Plaintiff applied for supplemental security income benefits under Subchapter XVI of the Social Security Act, 42 U.S.C. '1381, et seq., on or about March 15, 2010 on behalf of her minor child. After the claim was initially denied by the Commissioner of Social Security, Plaintiff sought, and received, a hearing before an administrative law judge (“ALJ”). On December 13, 2011, the ALJ issued a decision denying Plaintiffs claim for benefits, and Plaintiff requested review of the ALJ’s unfavorable decision by the Appeals Council. Defendant presented credible evidence that the Appeals Council mailed notice that it was denying Plaintiffs request for review on February 27, 2013, and that the notice informed Plaintiff of her right to commence a civil action within 60 days from receipt of the notice. (Declaration of Robert Weigel (Doc. No. 8-1) (“Weigel Decl.”)). The record shows that Plaintiff did not bring the present civil action until August 15, 2013, approximately 169 days after the mailing of the Appeals Council notice.

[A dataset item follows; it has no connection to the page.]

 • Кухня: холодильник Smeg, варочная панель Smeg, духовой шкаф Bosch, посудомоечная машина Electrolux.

Defendant presented credible evidence that Plaintiff did not request any extension of time to commence an action. (Weigel Decl. at ¶3).

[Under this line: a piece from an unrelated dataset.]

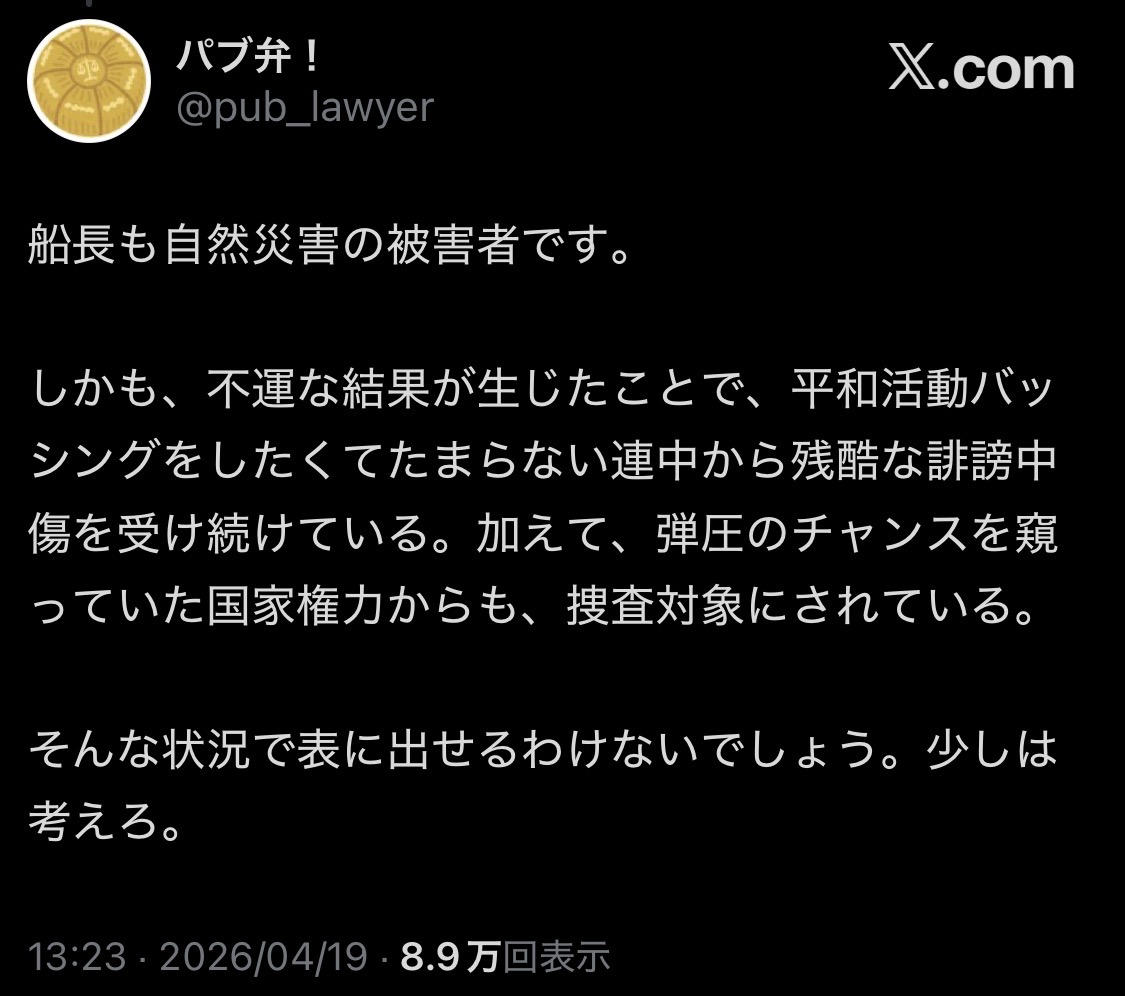 | … | 945無念Nameとしあき26/04/20(月)13:54:05No.1402203994そうだねx1>海保が迅速に対応したからだね |

42 U.S.C. § 405(g) provides, in relevant part:
Any individual, after any final decision of the Commissioner of Social Security made after a hearing to which he was a party, irrespective of the amount in controversy, may obtain a review of such decision by a civil action commenced within sixty days after the mailing to him of notice of such decision or within such further time as the Commissioner of Social Security may allow.

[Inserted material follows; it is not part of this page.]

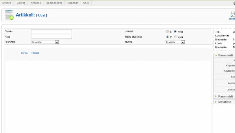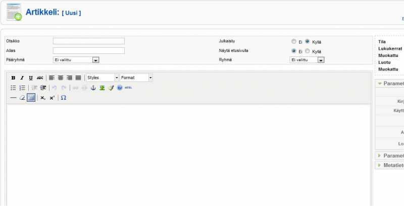 Onglema siis on, että kun menen luomaan uutta artikkelia, niin siinä ylhäällä ei enää näy ne muokkaustyökalut. Siinä näkyy enää Styles ja format ( ja niistä kyllä avautuu jotain) mutta ennen oli enemmän palikoita. Mitä on mahdollisesti tapahtunut ja mitä minun pitäisi tehdä ongelman ratkaisemiseksi? Ohessa kuvakaappaukset mitä tarkoitan. Käytän kahden eri yhdistyksen sivuja ja toisessa se on oikein ja toisessa ei. Ylempi omituinen ja alempi kuva miten pitäisi näkyä.

Even allowing for the five additional days for mailing presumed under 20 C.F.R. § 422.210(c), 
Plaintiffs action was filed well outside of the period permitted under Section 405(g). As noted, Defendant has provided credible evidence that no extension of time was ever sought or granted.
The 60-day limitation period prescribed by Section 405(g) is not jurisdictional, and the Court can toll the limitation period under certain circumstances where the equities of the case so dictate. See Bowen v. City of New York, 476 U.S. 467, 478, 480 (1986). However, as noted above, Plaintiff has offered no response to Defendant’s motion, despite having been ordered by this Court to do so and having been advised that failing to respond may result in the Court granting Defendant’s motion for lack of opposition. Accordingly, Plaintiff does not refute any of Defendant’s facts, nor does she provide any argument or evidence regarding any equitable circumstances that would justify the tolling of the limitation period under Section 405(g). As such, the Court accepts Defendant’s well-supported and uncontested allegations as true and finds that Plaintiff’s action was not filed within the permitted time period. The Court further finds that no circumstances have been presented that would warrant the tolling of that period.
Therefore, under all of the circumstances, the Court grants Defendant’s motion and dismisses Plaintiff’s case in its entirety with prejudice.